I did have to keep going back and checking which time period I was reading about, as it seemed to be somewhat anachronistic and confusing at times. Apparently the Hungerford massacre was described as occurring at a period during the early 1970's while the twins were children and their mother was alive in the story. I seem to recall this event actually happening in about 1987 and in the book at that time the girls are grown up and their mother long dead. If this was not the case the book didn't make the different times of the narrative clear enough.

In addition, on the first page the narrator describes how twins were 'one person first if only for a millisecond'. Twins separate much later than this (it's days). You'd expect someone writing a book about twins to know this. These things are perhaps trivial, but they do break the spell of the book and undermine the authority of the writer.
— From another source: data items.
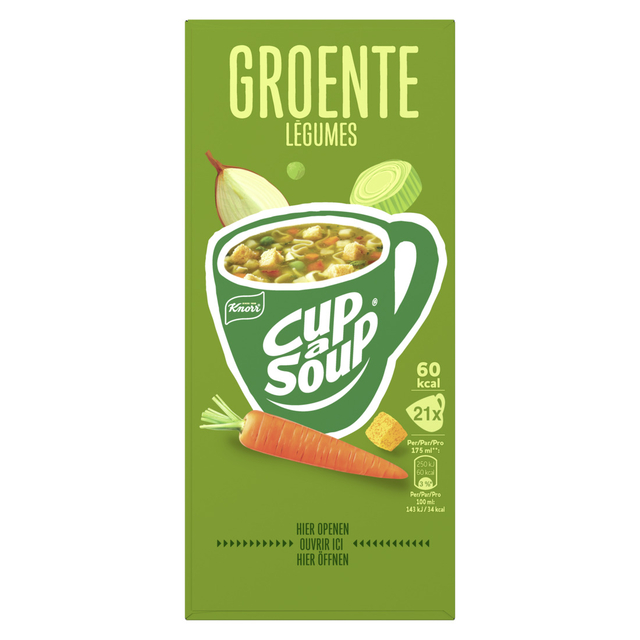 Do you fancy a nice soup? Or do you have a busy day and feel like a hearty snack to keep you sharp and alert? Then you are always in the right place at Cup-a-Soup! The Cup-a-Soup is easy and quick to prepare: put the contents of the bag in your favorite mug and pour 175 ml of boiling water. Then stir for a while, wait 1 minute and you’re done, enjoy! This way, you can prepare a delicious mug of soup in no time. At home, at the office or wherever you are, Knorr Cup-a-Soup is always a delicious savory snack.
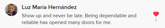 Luz Maria Hernandez tells us: Show up and never be late. Being dependable and reliable has opened many doors for me.
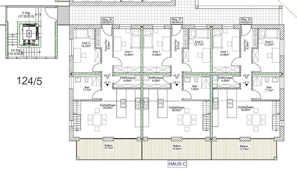 Alle Gebäude sind mit Personenaufzügen ausgestattet und bieten einen komfortablen Zugang zur hauseigenen Tiefgarage, die direkt von den Wohneinheiten aus begehbar ist. Zusätzlich stehen oberirdische Stellplätze zur Verfügung.
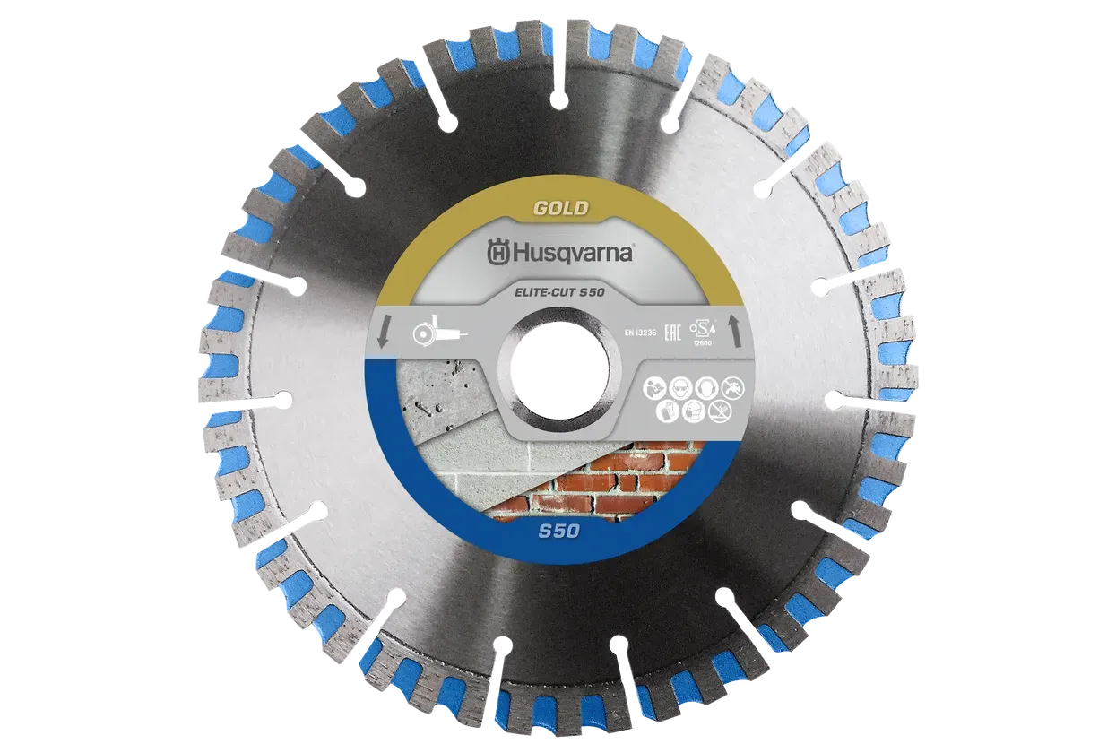 Husqvarna ELITE-CUT™ S50 je premium diamantna rezalna plošča, zasnovana za optimalno zmogljivost pri delu s kotnimi brusilkami. Združuje visoko hitrost rezanja z dolgo življenjsko dobo in odličnim razmerjem med ceno in kakovostjo, kar jo uvršča v zlato raven zmogljivosti med Husqvarninimi orodji.
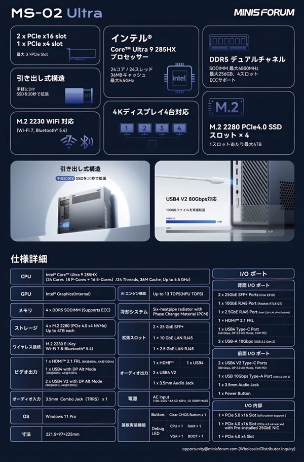 它还有四条DDR5 SO-DIMM ECC内存插槽(最大容量256GB),四个M.2 2280 PCIe 4.0 x4 SSD接口(单个最大4TB),
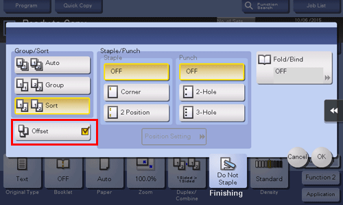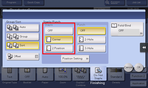 [Position Setting] | Select the punch position and original loading direction. If [Auto] is specified for the punch position, the punch position is determined automatically based on the direction of the loaded original. |
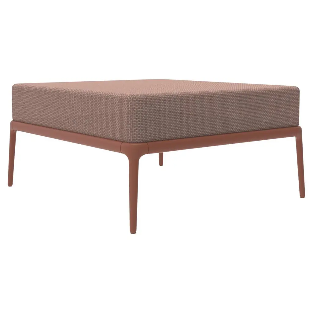 Xaloc salmon pouf 50 by mowee dimensions: d50 x w50 x h43 cm material: aluminium, textile weight: 7 kg also available in different colours and finishes. Xaloc synthesizes the lines of interior furniture to extrapolate to the exterior, creating an elegant and versatile collection that can coexist in both contexts. The textile of its elements also want to represent this concern to provide the exterior with the warmth of the interior furniture. The name xaloc comes from the wind with the same name. A strong wind typical of the mediterranean area. A wind capable of eroding the environment it meets. The shapes of the collection represent this wind-induced erosion that generates natural and harmonic forms.
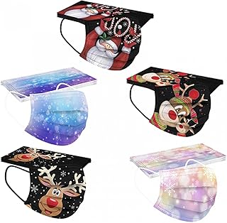 MEIYOUMK 50 Stück Einweg Erwachsene Mundschutz Weihnachtsmotiv Mund und Nasenschutz Halstuch Maske 3D Druck Weihnachtsmaske Elch Motiv MNS Mund-Tuch Staubdicht Atmungsaktiv Tücher Bandana Schals
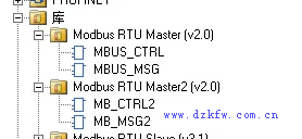 我們如果采用的是CPU本地的串口,那么我們選擇庫文件為Modbus RTU Master;若是擴展通訊板,則選擇Modbus RTU Master2。
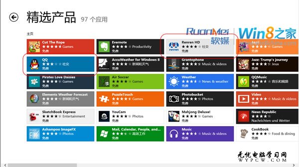 此前QQ for Win8客戶端以及人人網Win8客戶端都是在社交應用分類中的,大家發現Win8QQ等應用的消失,只是因為微軟近期對Windows商店布局進行了改版,取消了“社交”這一應用分類,將諸多應用全部放在“精選產品”中了。
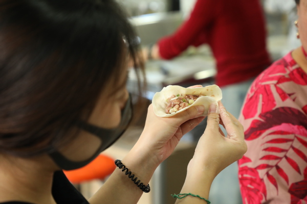 充满趣味的包饺子活动欢乐开启。大家围坐在一起,分工协作,有的揉面,有的擀皮,有的包馅,现场热闹非凡。形态各异的饺子在大家的巧手下诞生,每一个都饱含着欢乐与期待。当热气腾腾的饺子出锅,学生们迫不及待地品尝,纷纷竖起大拇指称赞味道鲜美,对自己动手包饺子的活动更是喜爱有加。
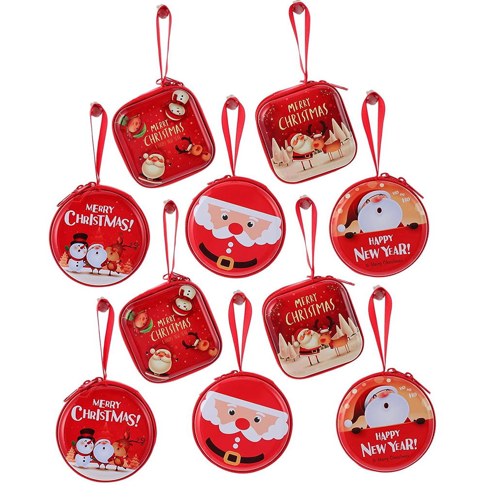 This Christmas coin wallet is made of high quality tinplate and has a zipper designed to protect your coins from falling out. The Christmas wallet is 2.76 inches in diameter and easy to carry. The coin purse is holding coins, changes, folded bills, keys, receipts, etc. In addition to the round style, there are also square styles. You can choose the existing pattern to purchase directly, or you can print your own unique logo according to your needs.
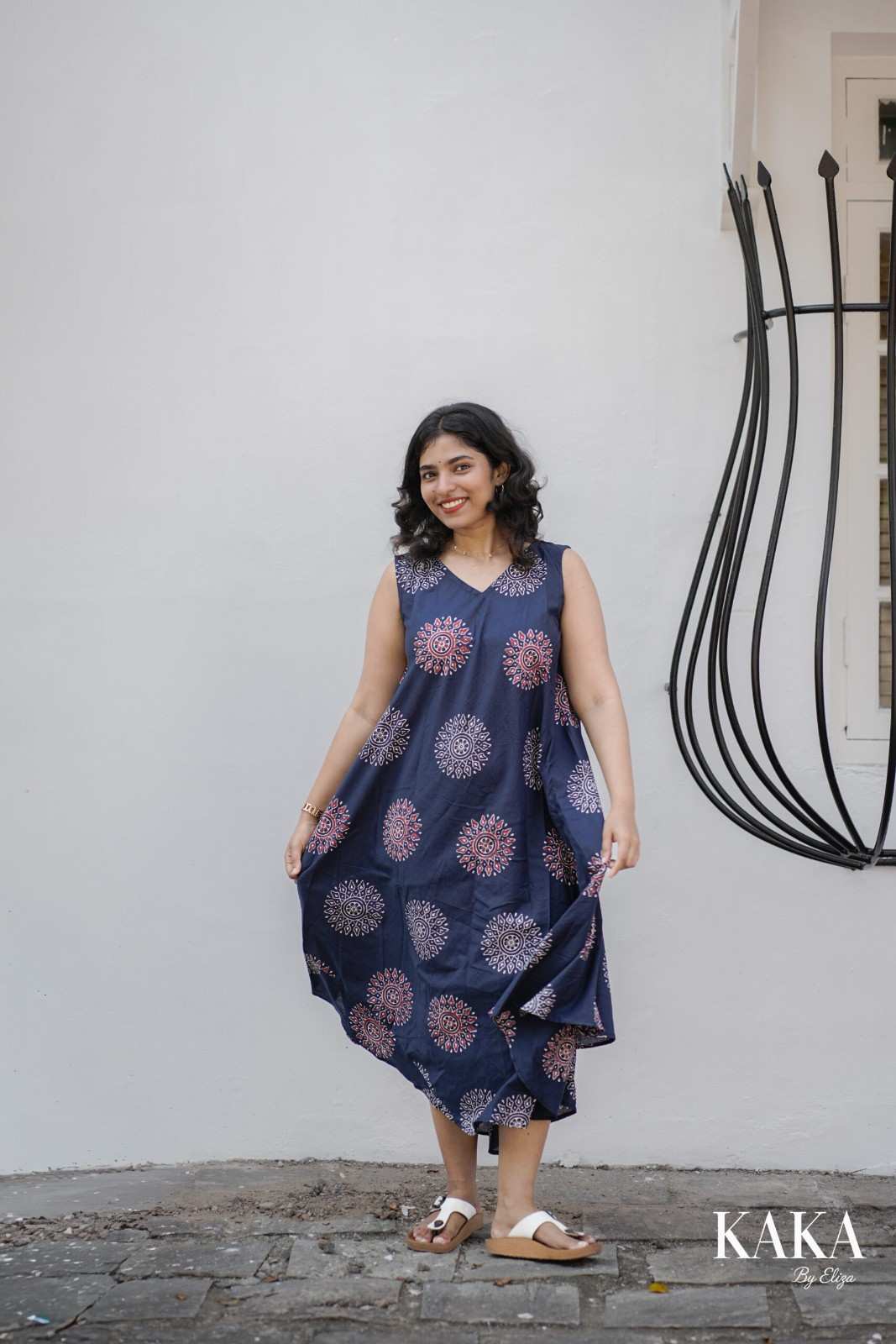Immerse yourself in the calm charm of deep navy and intricate mandala patterns. The Indigo Mandala Dress captures elegance in motion — a sleeveless flared silhouette that drapes effortlessly for everyday ease. Crafted from breathable cotton, this dress blends artistry and comfort, making it the perfect choice for sunny strolls or relaxed evenings.
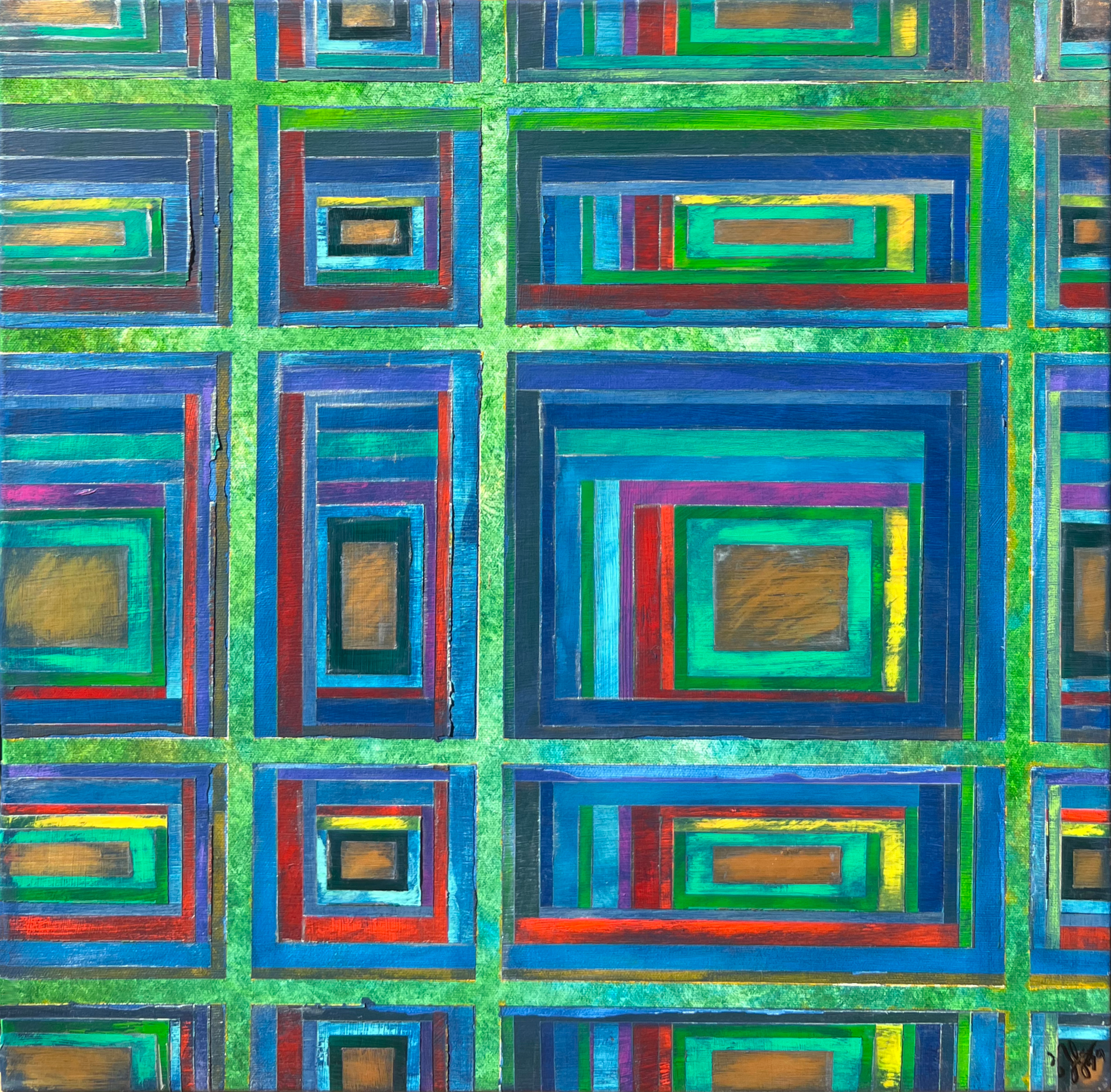 To transpose means to change the relative position or order, cause to change places, interchange. I don’t know how many layers I put in a piece. The paint just gets thicker and thicker. On the sides of the piece, you can feel the indentations and buildout where the canvas is lost and the paint has taken over its shape. What excites me about this process is the unveiling. Even though the entire piece has the same wash upon wash, each space and the way it reads takes on a whole different character. There’s an echo in the colors because they are the same but the sections have their own, unique personalities. When I first finished this piece I thought about doorways and different portals. When I looked further into it, I realized it wasn’t about possibilities but present states of being. So, to name it “Transpositions” seemed most appropriate to honor the process of its creation.
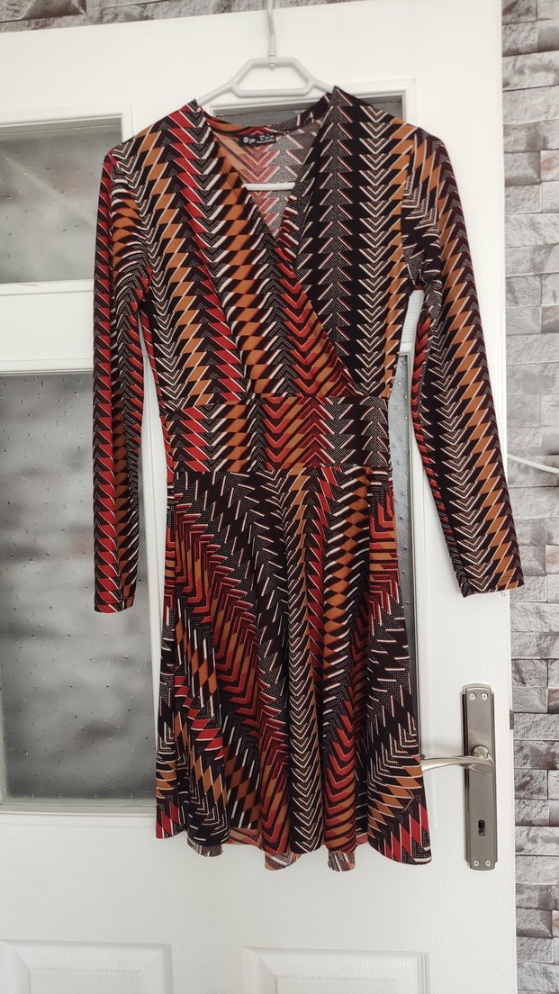 V yaka ve uzun kollu, pilili dokulu, koyu renkli çok desenli bohem elbise. Sentetik kumaştan, günlük kullanıma uygun. marka temsili
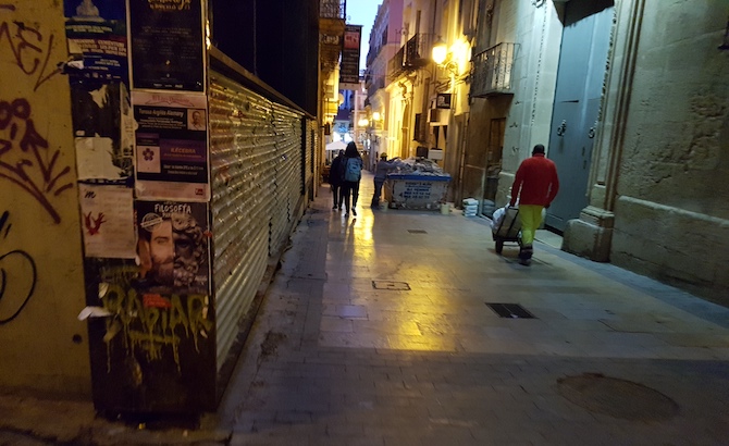 El delito fue perpetrado en el casco antiguo de Alicante (el barrio) durante la madrugada de Halloween del año 2015, cuando uno de los acusados llevaba una máscara y el otro llevaba una túnica y la cara pintada de blanco.
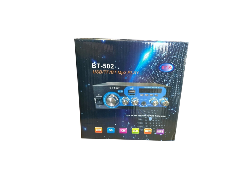 Открийте мощния домашен блутут аудио усилвател BT-502 с USB, FM радио, TFT дисплей и 2x30W стерео звук. Лесно свързване и кристално чисто аудио за всяко помещение. Поръчайте сега и се насладете на любимата си музика! 🎶

Despite reading it in a day, I didn't find it compelling and found it hard to care about any of the characters. The descriptive detail was a bit puzzling too: the `Georgian cottage' in Islington? And did the Great Storm of October 1987 occur in the early evening? I remember it as being in the middle of the night... Distracting too was the mention of someone's hair being in `bangs' (a fringe?). I've never heard an English person use this expression; Americanisms like `purse' for handbag etc in an English narrative voice often occur in British books and I suppose that this happens in the hope of there being an American market but wonder why they can't adjust the editions slightly for different markets.....

I think the book has some good ideas but they are not developed effectively.